I also heard some classical orchestral music and the speakers did not seem to want for more power in this smallish room. An acapella male choir singing "Silent Night" in a church-like venue was very nicely recreated by this rig. Visitors at other times might have heard these speakers driven by much more powerful Pass Labs XA100.8 monoblocks ($28,450 per pair) that were also on display along with the Pass XP 30 preamp ($22,990). Seen but not heard were the PS Audio Perfect Wave Transport ($5399) and their P10 Power Plant ($6650) that undoubtedly made a significant contribution to the music here. The racks were Solid Tech three-shelved Hybrid ($4800 each) An Audio Note (UK) CDT Two CD transport ($9700) and DAC 3.1x/II Balanced Tube ($11,990) were also noted. David Cope, who devotedly promoted the Audio Note UK gear at the Toronto and Montreal shows for years has retired so it is nice to see at least parts of the Audio Note line represented here this year... and what better piece that their tube powered DAC?

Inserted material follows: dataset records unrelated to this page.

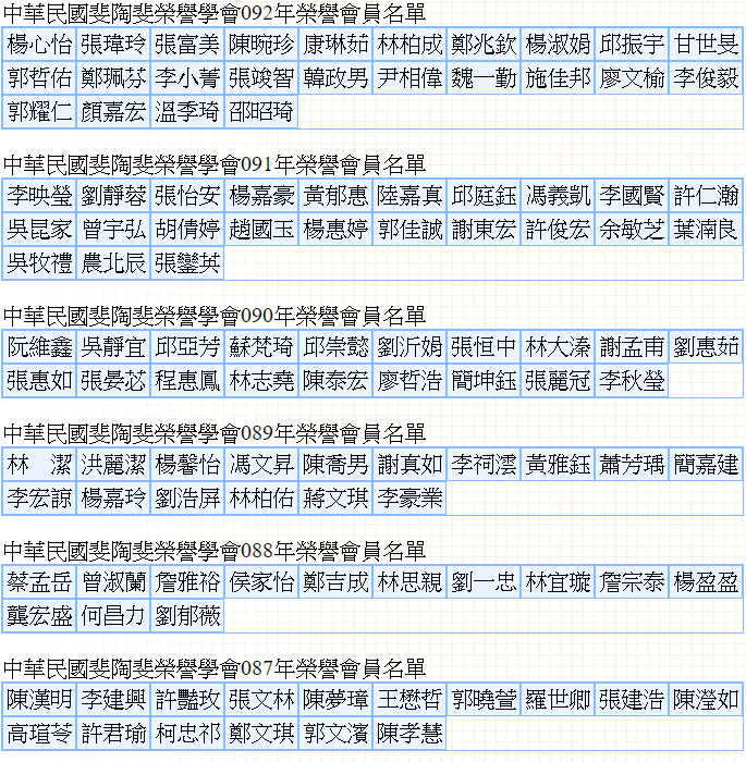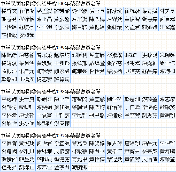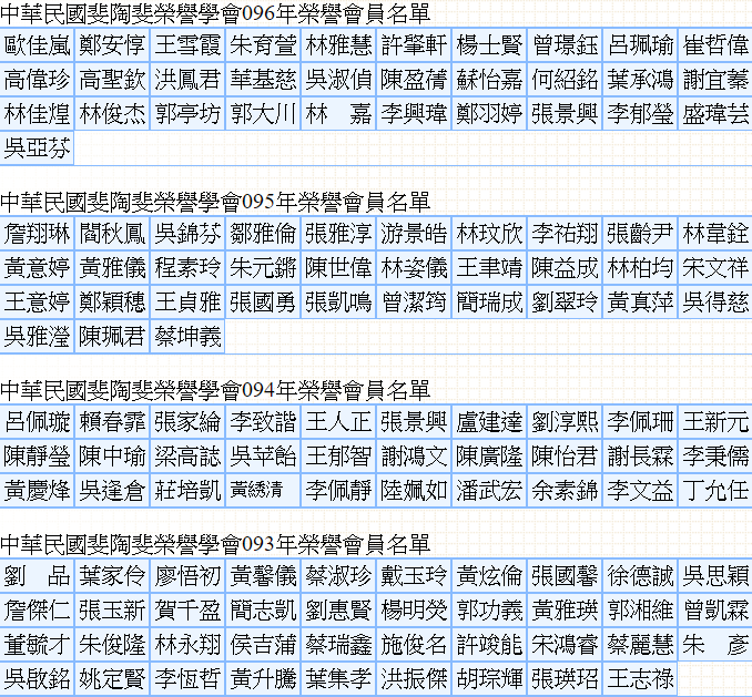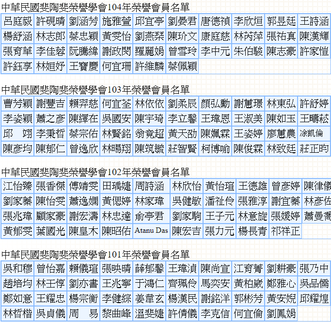 中華民國斐陶斐榮譽學會87-104年榮譽委員名單
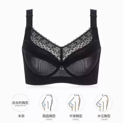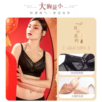 Moonlight big chest small bra thin Full Cup with steel ring anti-sagging large size underwear female fat mm receiving milk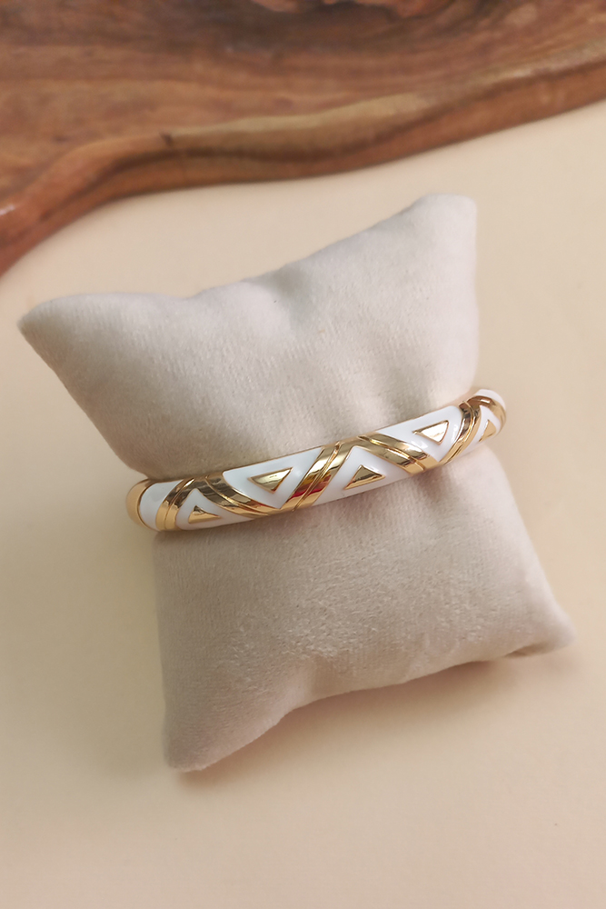 بنگل مینا کاری مدل مینیمال سفید و طلاییناموجود

I will miss his laid-back presentations and his friendship. It was hard to enjoy the music here due to a loud conversation at the back of the room. As I left I discovered the voice belonged to none other than the venerable Ernie Fisher of The Inner Ear Magazine fame. If I had had my whip with 280 strands of 24 gauge Ohno continuous cast Six9's copper, I would have given him the flogging he deserves. He's old enough to know better and I'm old enough to give it to him. Otherwise, it was great to see he is still vertical.

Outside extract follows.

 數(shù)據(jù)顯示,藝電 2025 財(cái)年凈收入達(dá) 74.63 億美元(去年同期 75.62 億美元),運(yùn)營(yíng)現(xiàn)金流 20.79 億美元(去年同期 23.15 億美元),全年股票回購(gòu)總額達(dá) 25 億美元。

Moving down the hall to 7225 I encountered Atoll Electronique gear driving a Davis Acoustics MV One speaker. In the past I've had a hard time warming up to this French solid state manufacturer, but as time goes on the contemporary chassis seen here has become a signature silhouette in the audio world and the room was sounding quite decent with Davis MV One loudspeakers ($8900 CDN), also from France. With 93.5dB/W/m efficiency and an 8 Ohm minimum, this fine speaker could easily be driven by a tube amp. Seen here were the top-loading CD400 CD player and the IN400 integrated amp. I was told Davis makes drivers for Goldmund and mbl among others and this model with a front facing slot at floor level was doing justice to the transparency and dynamics of Hugh Masekela's "Stimela". Cabling in this rig was by Nordost, which undoubtedly helped, too. The simplicity of this system and the small round pedestal table upon which the Atoll gear was placed belied the quality of the presentation. I didn't peek under the electronics, but it might have concealed some of the SSC (String Suspension Company?) footers that were on display at a side table. They feature a variety of technologies in the different models and these looked to be reasonably priced, worthy of further investigation.